TASK DIRECTIONS: Take the line that contains "多语言商城回收系统/订单自定义价格回收/海外商城订单回收" and every line below it to the end of the entries, and give them again exactly, leaving out any pictures.

Data extracted from a collection:
>>>
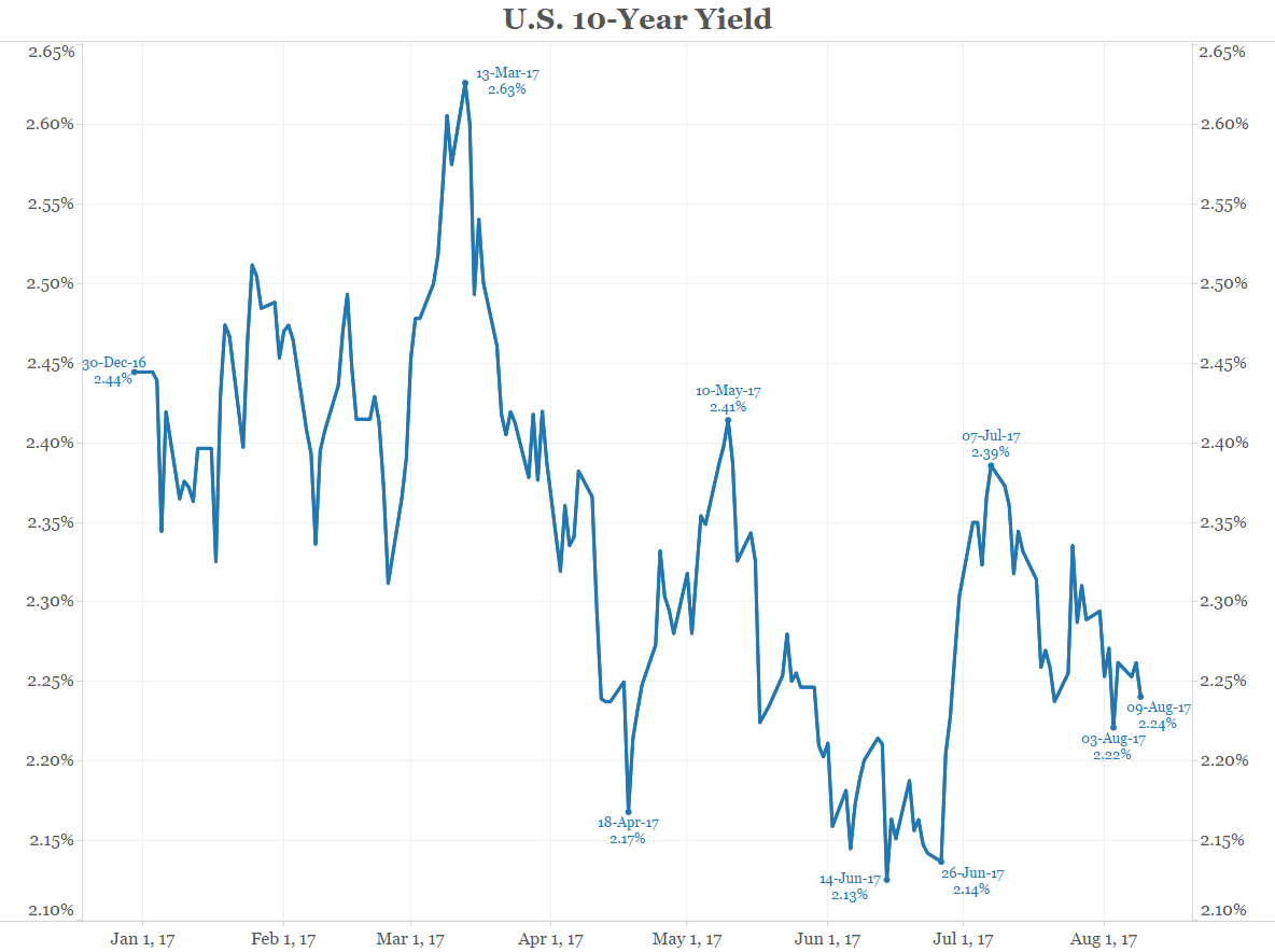 At the beginning of the year, the Wall Street’s consensus was for rates to go higher. The question was “when will 10-year yields hit 3%?”, not if. Predictably rates have gone the other way and are lower now than the start of the year. See the first chart below.
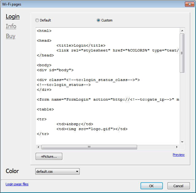 Select a page to customize (Login, Info, Buy). Click Custom to edit a page. Click Default to reset changes. Cick Picture to insert a picture at the cursor position. Select a color theme.
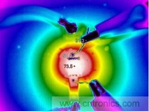 將10cmX10cm的二層PCB板的覆銅改為1OZ,重複上麵實驗,測量的溫度如下圖所示。
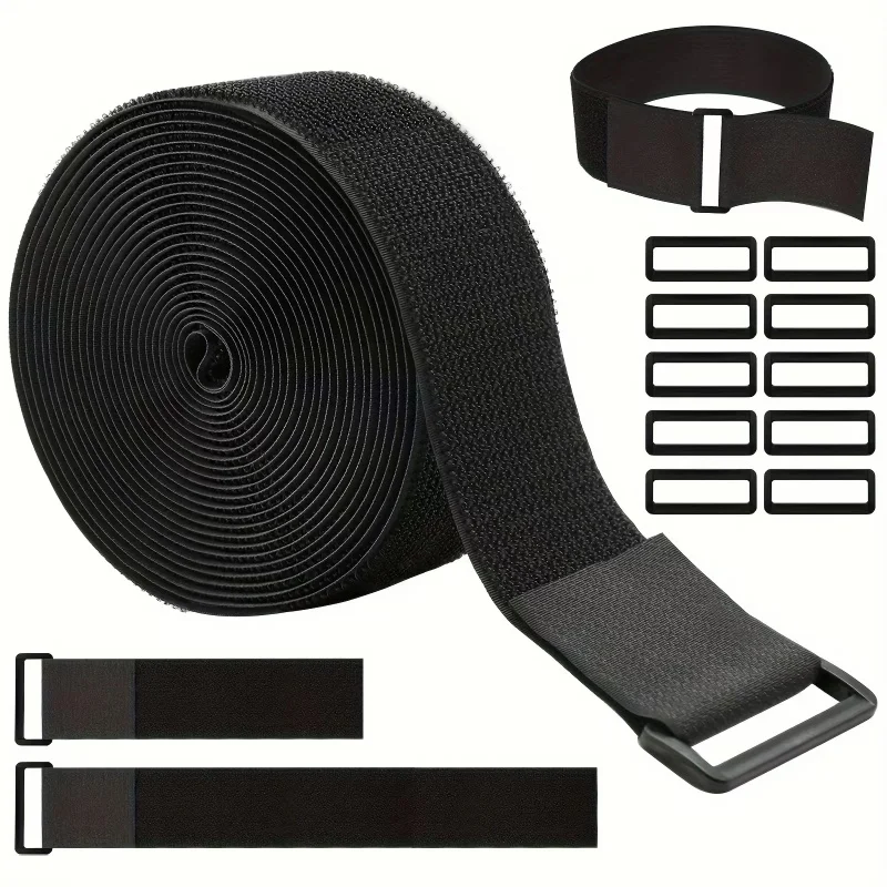 Cable Straps Heavy Duty With Buckles Black Hook And Loop Straps Reusable Cable Ties For Organizer Or Storage 5CM Wide
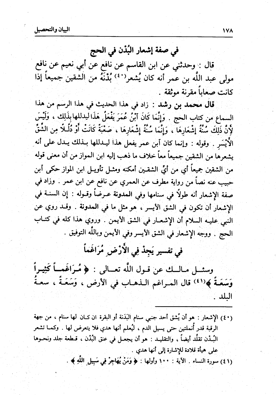 قال محمد بن رشد: زاد في هذا الحديث في هذا الرسم من هذا السماع من كتاب الحج. وَإِنًمَا كَانَ ابنُ عُمَرَ يَفْعَلُ هَذَا ليدللها بِذَلِك، وَلَيْسَ لأنَّ ذَلِكَ سُنَةُ إشْعَارِهَا، وَإِنَّمَا سُنةُ إِشْعَارِهَا، صَعْبَةً كَانَتْ أو دُلُلًا مِن الشَق الأيْسَرِ. وقوله: وإنما كان ابن عمر يفعل هذا ليدللها بذلك يدل على أنه يشعرها من الشقين جميعاً معاً خلاف ما ذهب إليه ابن المواز من أن معنى قوله من الشقين جميعاً أي من أيَ الشقين أمكنه ومثل تأويل ابن المواز حكى ابن حبيب عنه نصاً من رواية مطرف عن العمري عن نافع عن ابن عمر. وزاد في صفة الإِشعار أنه طولًا في سنامها وفي المدونة عرضاً وقوله: إِن السنة في الإِشعار أن تكون في الشق الأيسر، هو مثل ما في المدونة. وقد روي عن النبي - عَلَيْهِ السَّلَامُ - أن الإِشعار في الشق الأيمن. وروي هذا كله في كتاب الحج. ووجه الإِشعار في الشق الأيسر وفي الأيمن وباللَه التوفيق.
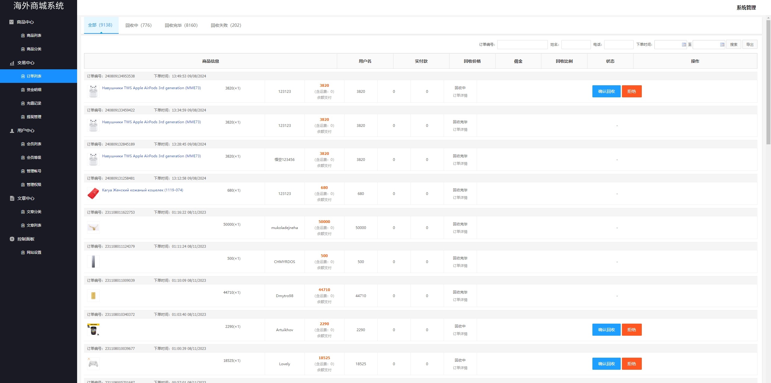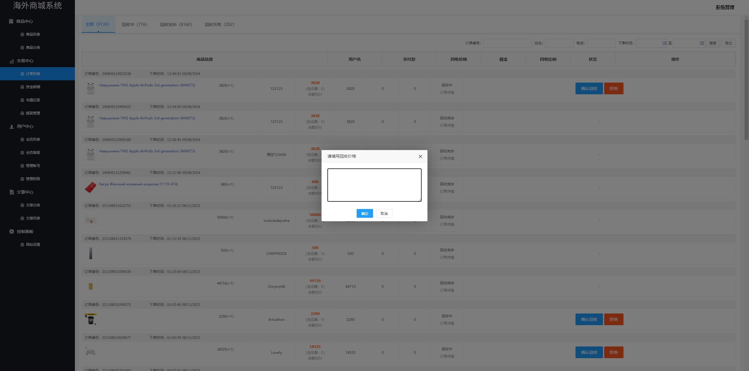 多语言商城回收系统/订单自定义价格回收/海外商城订单回收
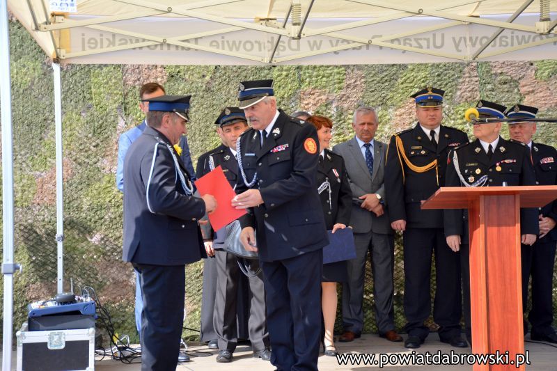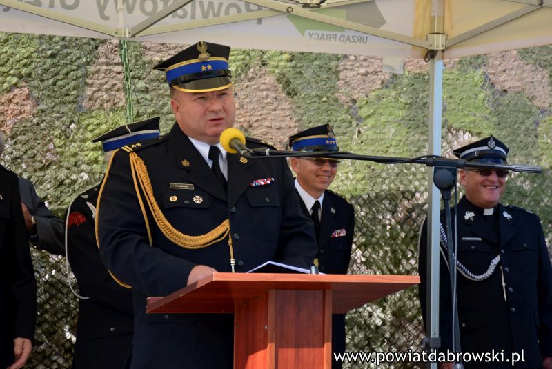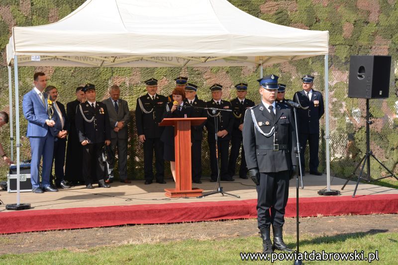 Głos podczas uroczystości zabrał także bryg. Robert Kłósek Komendant Powiatowy PSP w Dąbrowie Tarnowskiej. Przekazując gratulacje i życzenia dla druhów, złożył na ręce Prezesa OSP w Ujściu Jezuickim adres okolicznościowy.
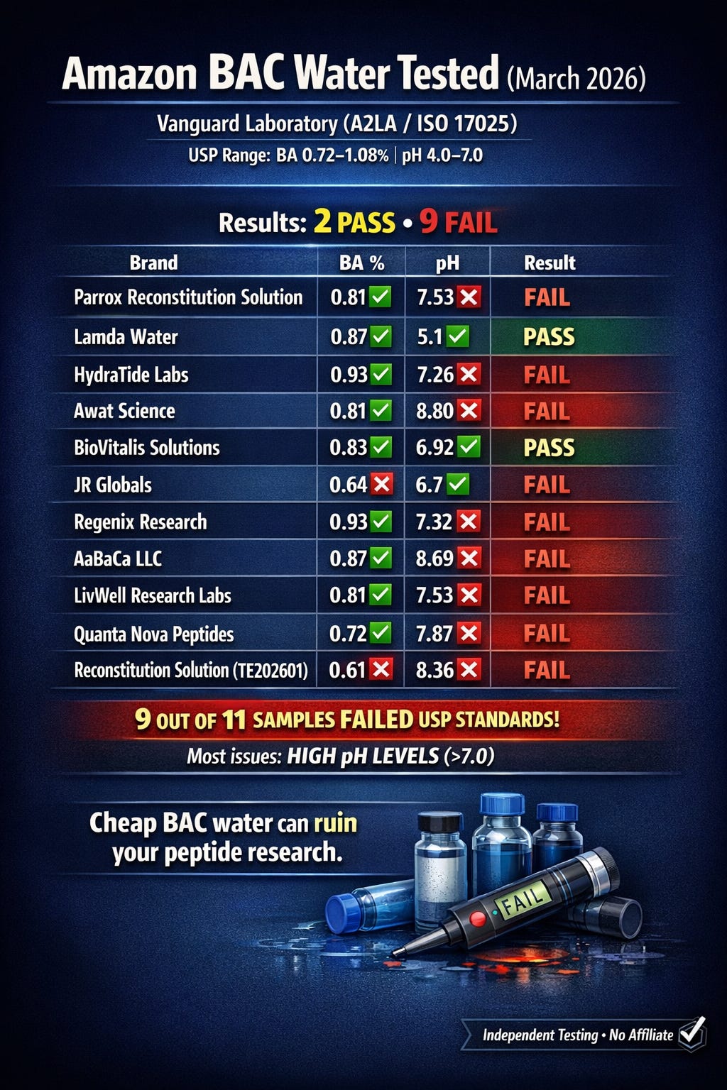 BAC Water Amazon Testing — March 2026 | Only 2 of 11 Passed | Data Shared by Peptide Crafters
<<<
RESULT BELOW:
 多语言商城回收系统/订单自定义价格回收/海外商城订单回收
 Głos podczas uroczystości zabrał także bryg. Robert Kłósek Komendant Powiatowy PSP w Dąbrowie Tarnowskiej. Przekazując gratulacje i życzenia dla druhów, złożył na ręce Prezesa OSP w Ujściu Jezuickim adres okolicznościowy.
 BAC Water Amazon Testing — March 2026 | Only 2 of 11 Passed | Data Shared by Peptide Crafters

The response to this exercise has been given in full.